I know that so long as I live in ink scrawled upon some page, I am never nothing. If I wish to bypass death and live on, I must encase myself in ink, situating myself in the
pages of books and hoping that my life beyond death ages as gracefully as the yellowing pages in which my word and I are forever held.
But the thought of placing pen to paper (finger to keyboard) and immortalizing myself is a dreadful thought, especially when met with the eternal struggle of writer’s block and ever-encroaching lebensmüde, my ever-growing weariness of life with which I am faced along the way. But the alternative, that of being nothing, being lost to time and history, never seeing the interior of Balfour as one of the great texts entombed on its shelves, is all the more terrifying. It is inhumane.

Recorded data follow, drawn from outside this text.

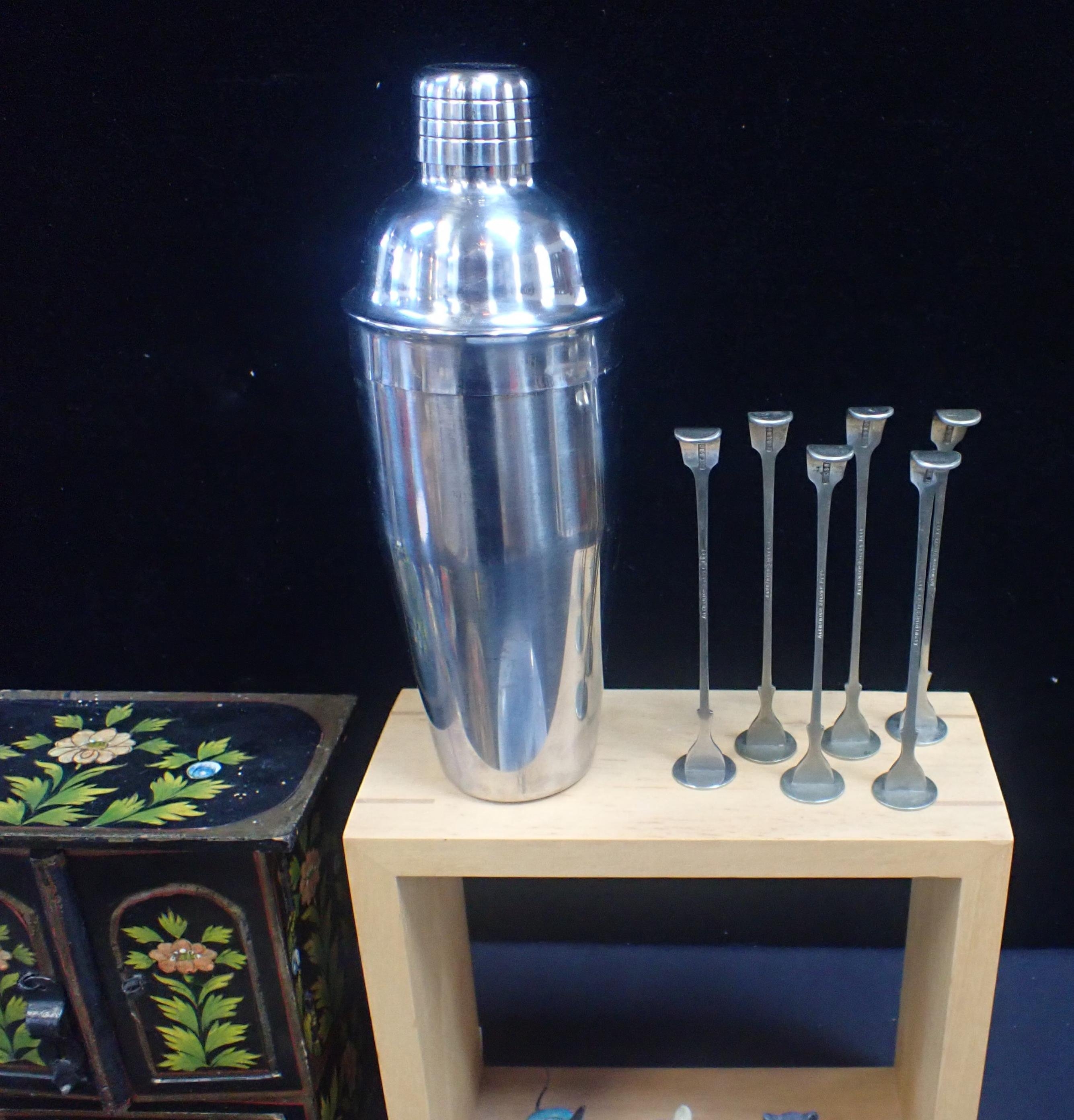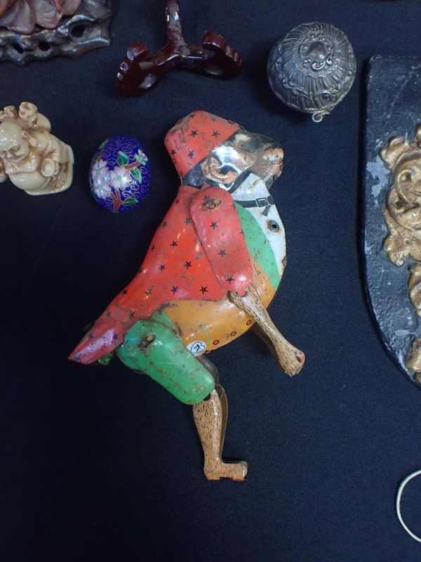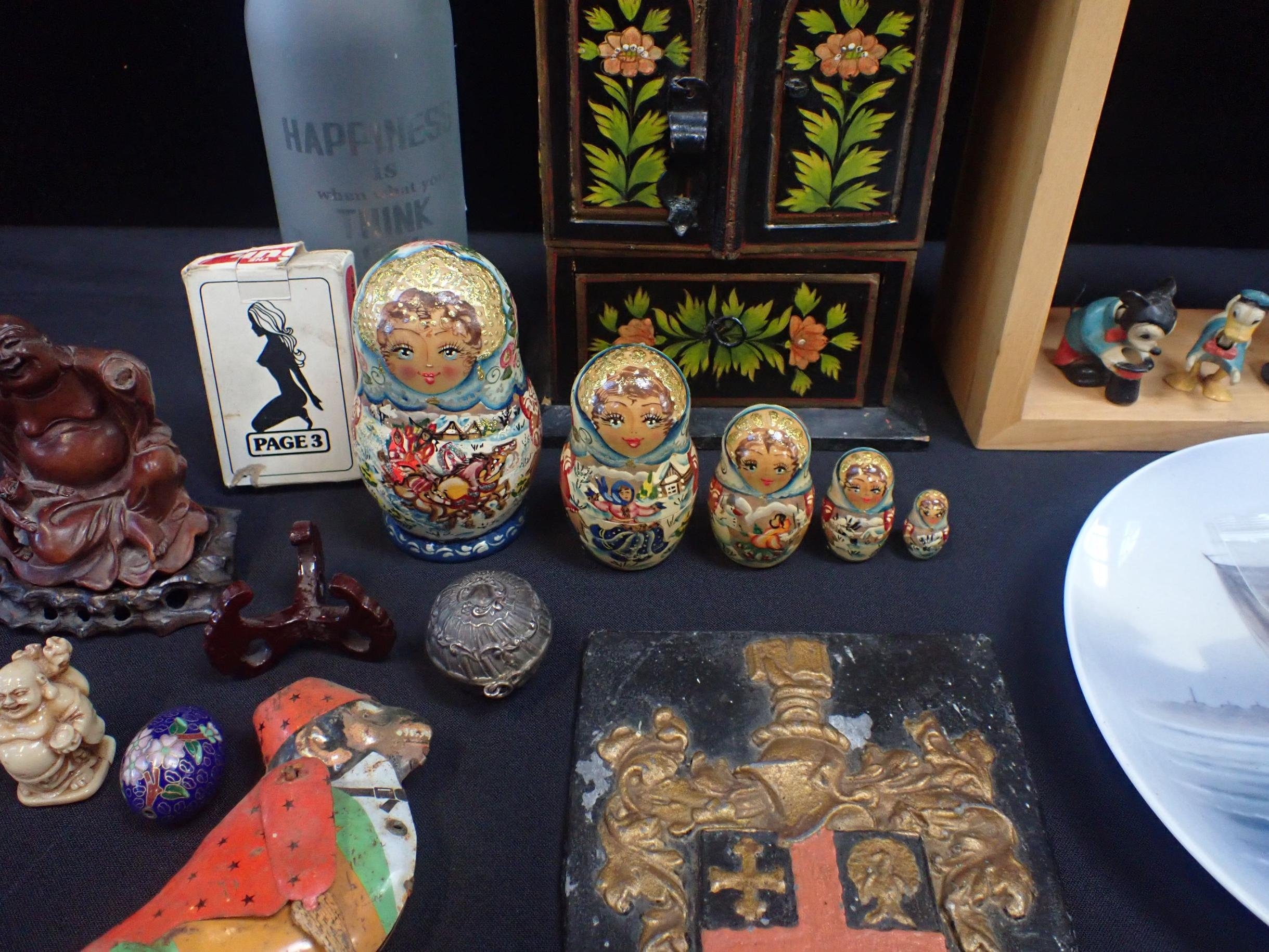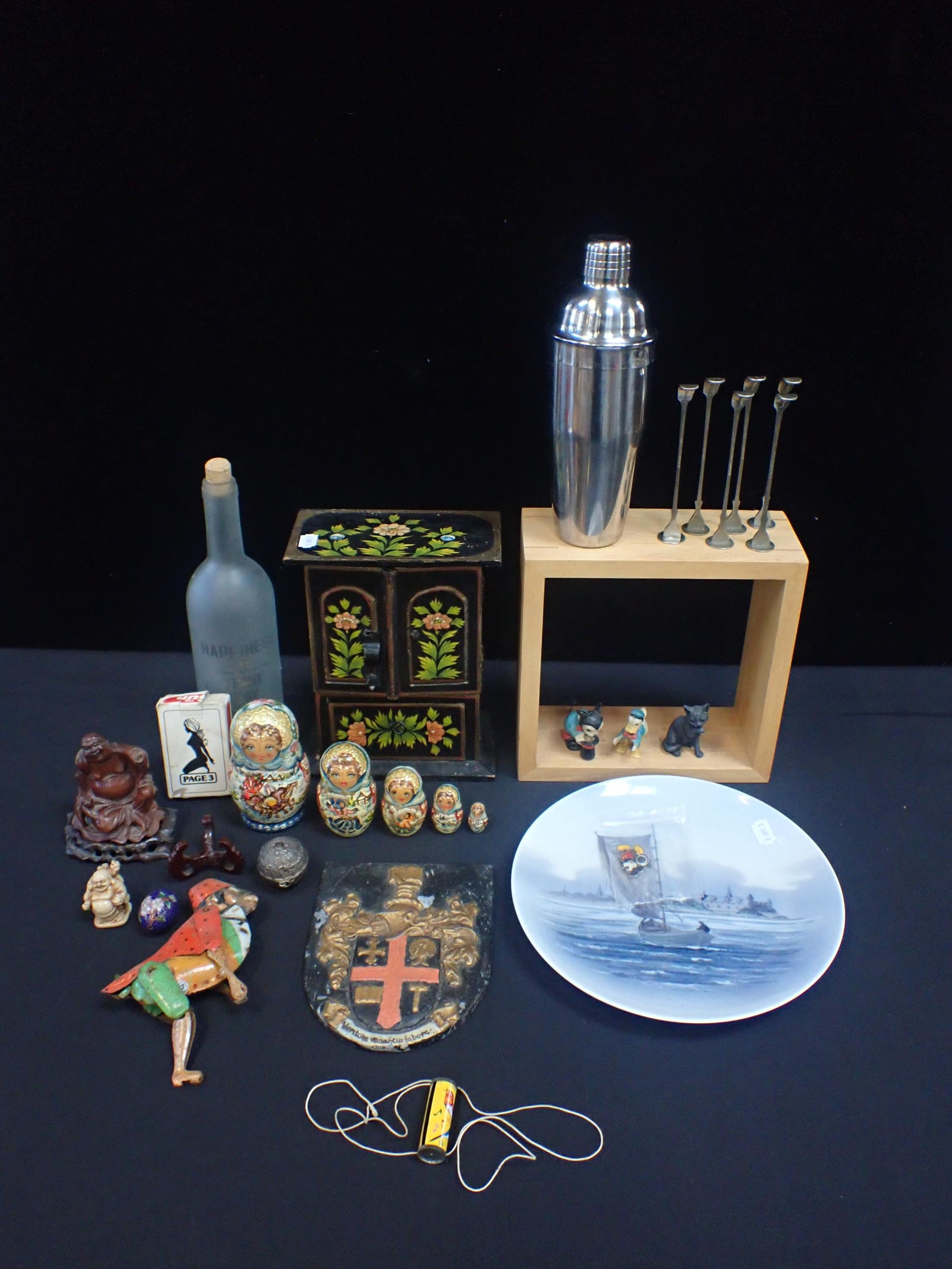including a Royal Copenhagen plate, a set of Russian dolls, cocktail shaker, and some vintage toys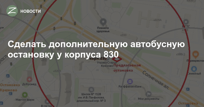 Сделать дополнительную автобусную остановку на Солнечной аллее у корпуса 830 предложил местный житель Василий Иванов — с этим предложением он обратился в префектуру. По его мнению, такая остановка будет удобна для жителей 8, 9 и 10 микрорайонов, которые ездят по Солнечной аллее в сторону МИЭТа.
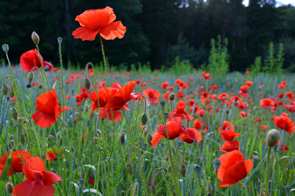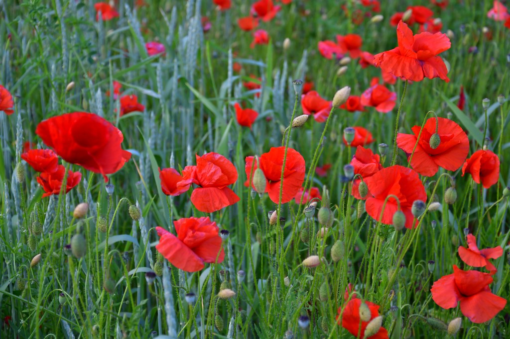 Le coquelicot, petit pavot sauvage de couleur rouge, est comme ce dernier l’emblème du repos et de l’oubli ou encore de la consolidation « car le sommeil endort le chagrin ». Selon une légende grecque, la fleur fut créée pour Déméter, déesse de la Fertilité et de la Terre cultivée, qui était si épuisée par la recherche de sa fille Perséphone, enlevée par Hadès, qu’elle ne s’occupait plus de faire pousser le maïs. Le dieu du Sommeil lui offrit des coquelicots pour la faire dormir : lorsqu’elle fut reposée, elle put enfin se consacrer à la précieuse céréale. Les Anciens croyaient d’ailleurs que la présence de coquelicots dans un champ était indispensable à la prospérité du maïs. Qu’ils avaient raison de penser cela… c’est tellement joli…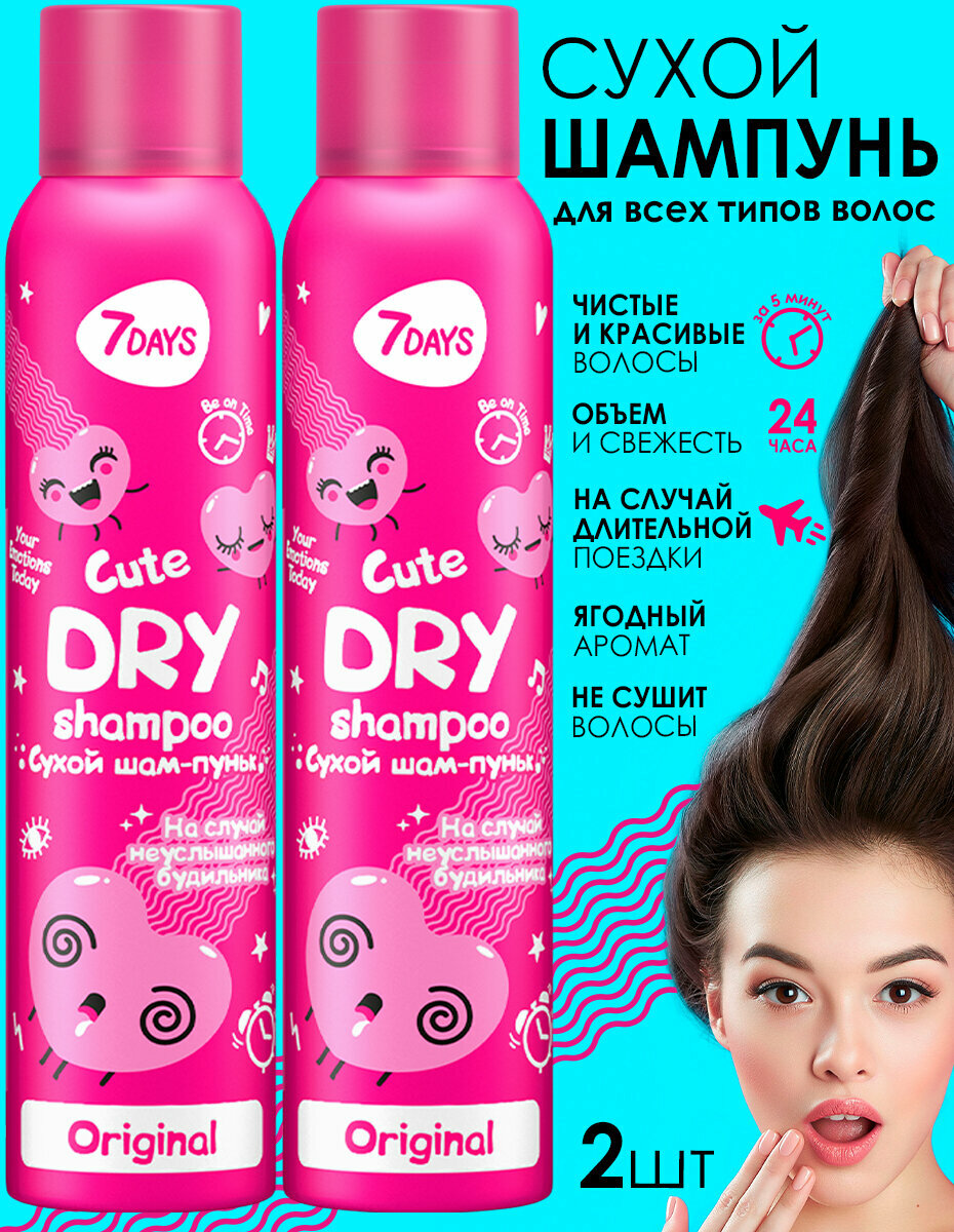 Купить 7DAYS Сухой шампунь для объема волос, для всех типов волос, набор 2 шт CUTE мгновенное очищение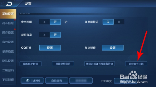 打开“设置-根本设置”界面后标的目的下滑动,然后点击“游戏账号刊出”。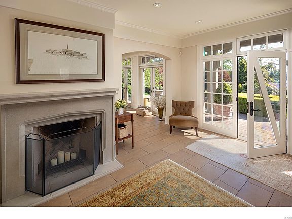 Situated in the heart of Ten Mile Point, this captivating custom residence blends timeless elegance with architectural mastery and the finest materials. Positioned high with views of Cadboro Bay, this .50-acre south-facing estate is the perfect setting for the 5,000+ sq. ft. home, complete with manicured gardens, stone walls, water features and a custom in-ground pool. Designed for seamless indoor–outdoor living, the main floor offers a refined yet relaxed lifestyle, enhanced by the area’s unique microclimate of warmer days & sun-filled evenings. Principal rooms grace the main level, with 4 bedrooms and 3 baths above, and an additional bed & bath below. The sumptuous primary retreat spans its own wing with a spa-inspired bath, fireplace, private sitting area and breathtaking ocean views from your bedside. A grand gourmet kitchen anchors the home with dining-area fireplace, expansive island and direct access to a wisteria-covered heated deck, expansive terraces and tranquil fountains.

Yet conditions for such a book-bound immortality undoubtedly arise. What makes one worthy of immortality, and more worrisome, how substantial must one’s work be for their immortality to be honoured? One’s incessant ramblings on the Internet cannot be worthy of immortality—otherwise all people, no matter what they claim, immortalize themselves, entombed on a non-physical cloud for the world to read. One’s immortality is reliant on substantial work that only history, cultures, and progress of time can deem suitable; there is no method to know if one has achieved their book-bound (or even Internet-bound) immortality until their eventual demise. It is not for us, in the now, to decide who will be immortal.
Then what of those in bygone history who have encased themselves in ink but remain unknown—are they not immortalized? And to this, I respond that they are immortalized, but they have been forgotten. In a dizzying angst, I come to the realization that my immortality is possible, and yet I remain susceptible to the forgetfulness of those in the future.
Exiting the nostalgic bookshop into the loud, bustling roars of the City, I have always found myself cognizant of the frank reality: all those lining the street corners, the crumbling sidewalks, and those exiting the streetcar (toward which I briskly jog), will be nothing in time—they exist now, but for only now. Standing with one hand clasping the railing inside the streetcar, the other holding my loot, I often stand in dismay, thinking of joining all those around me as nothing more than the now. It is a fate unacceptable; better to begin a rough draft, in all its lousy glory, than to allow this existence to be the final. The greats have encased themselves in the only immortality humanity may ever know—it is those in the now’s place to join them. And so, I must write.